*Information supplied*.
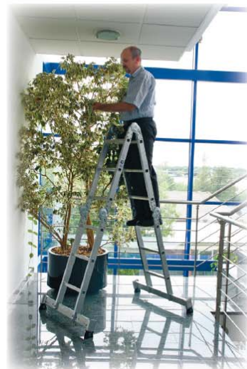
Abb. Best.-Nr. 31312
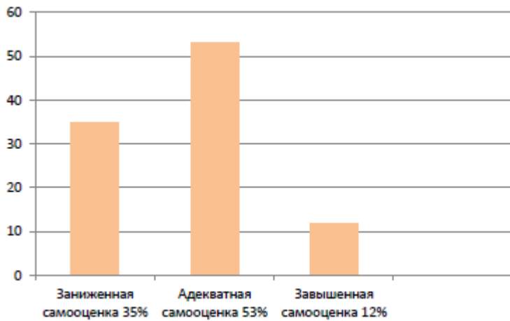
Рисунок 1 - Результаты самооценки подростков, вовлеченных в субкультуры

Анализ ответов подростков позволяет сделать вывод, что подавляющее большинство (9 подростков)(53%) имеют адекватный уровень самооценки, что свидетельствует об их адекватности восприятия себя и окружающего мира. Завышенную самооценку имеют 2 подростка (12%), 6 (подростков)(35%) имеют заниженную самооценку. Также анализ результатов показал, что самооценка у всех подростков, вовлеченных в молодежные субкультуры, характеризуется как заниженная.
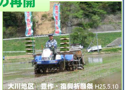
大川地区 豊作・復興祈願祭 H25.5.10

---

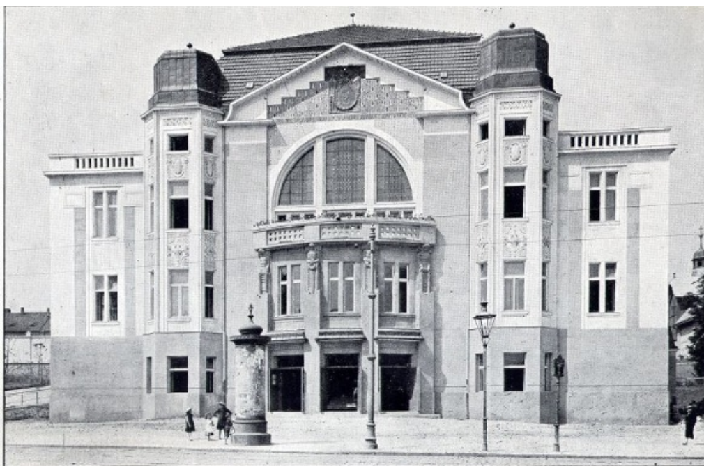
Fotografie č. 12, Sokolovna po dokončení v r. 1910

---

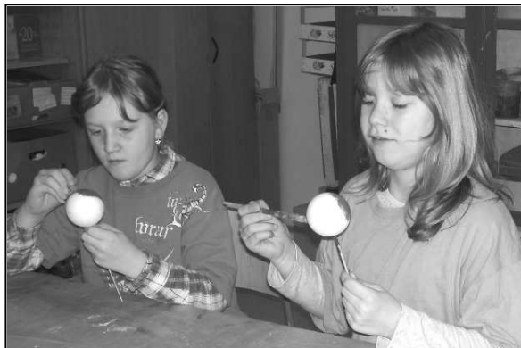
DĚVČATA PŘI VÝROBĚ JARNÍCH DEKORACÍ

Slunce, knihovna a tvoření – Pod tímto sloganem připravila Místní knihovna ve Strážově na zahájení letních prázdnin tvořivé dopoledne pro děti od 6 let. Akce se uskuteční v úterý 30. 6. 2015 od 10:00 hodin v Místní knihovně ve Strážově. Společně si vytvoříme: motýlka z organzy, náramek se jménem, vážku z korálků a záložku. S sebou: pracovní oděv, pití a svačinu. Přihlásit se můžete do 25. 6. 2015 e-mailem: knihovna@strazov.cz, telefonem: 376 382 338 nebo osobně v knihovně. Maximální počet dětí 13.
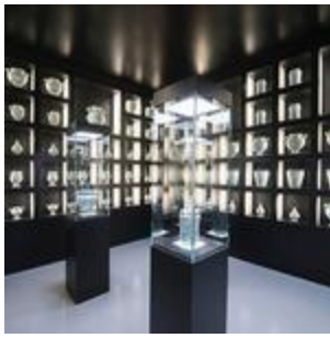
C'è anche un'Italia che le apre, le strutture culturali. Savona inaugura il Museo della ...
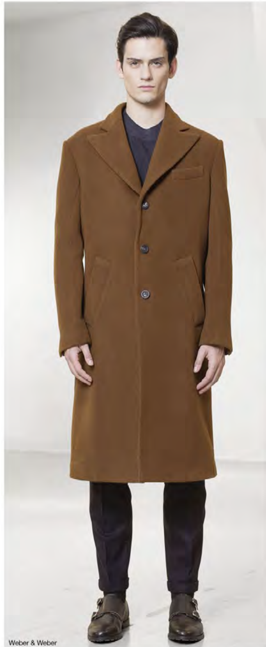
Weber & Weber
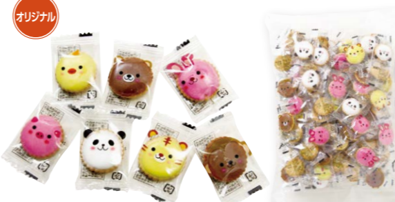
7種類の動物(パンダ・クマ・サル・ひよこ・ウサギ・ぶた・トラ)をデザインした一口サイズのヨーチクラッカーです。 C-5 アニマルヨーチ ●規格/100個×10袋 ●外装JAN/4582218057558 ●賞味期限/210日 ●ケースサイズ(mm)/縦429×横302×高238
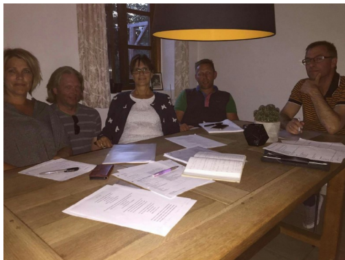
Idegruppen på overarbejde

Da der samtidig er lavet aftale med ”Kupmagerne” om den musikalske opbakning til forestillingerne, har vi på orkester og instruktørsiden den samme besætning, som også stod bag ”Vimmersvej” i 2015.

*Task prompt*. The lines above from the line with "Slunce, knihovna a" through the line with "Idegruppen på overarbejde" are to be given again word for word, with no pictures among them.

*Response*.
Slunce, knihovna a tvoření – Pod tímto sloganem připravila Místní knihovna ve Strážově na zahájení letních prázdnin tvořivé dopoledne pro děti od 6 let. Akce se uskuteční v úterý 30. 6. 2015 od 10:00 hodin v Místní knihovně ve Strážově. Společně si vytvoříme: motýlka z organzy, náramek se jménem, vážku z korálků a záložku. S sebou: pracovní oděv, pití a svačinu. Přihlásit se můžete do 25. 6. 2015 e-mailem: knihovna@strazov.cz, telefonem: 376 382 338 nebo osobně v knihovně. Maximální počet dětí 13.
C'è anche un'Italia che le apre, le strutture culturali. Savona inaugura il Museo della ...
Weber & Weber
7種類の動物(パンダ・クマ・サル・ひよこ・ウサギ・ぶた・トラ)をデザインした一口サイズのヨーチクラッカーです。 C-5 アニマルヨーチ ●規格/100個×10袋 ●外装JAN/4582218057558 ●賞味期限/210日 ●ケースサイズ(mm)/縦429×横302×高238
Idegruppen på overarbejde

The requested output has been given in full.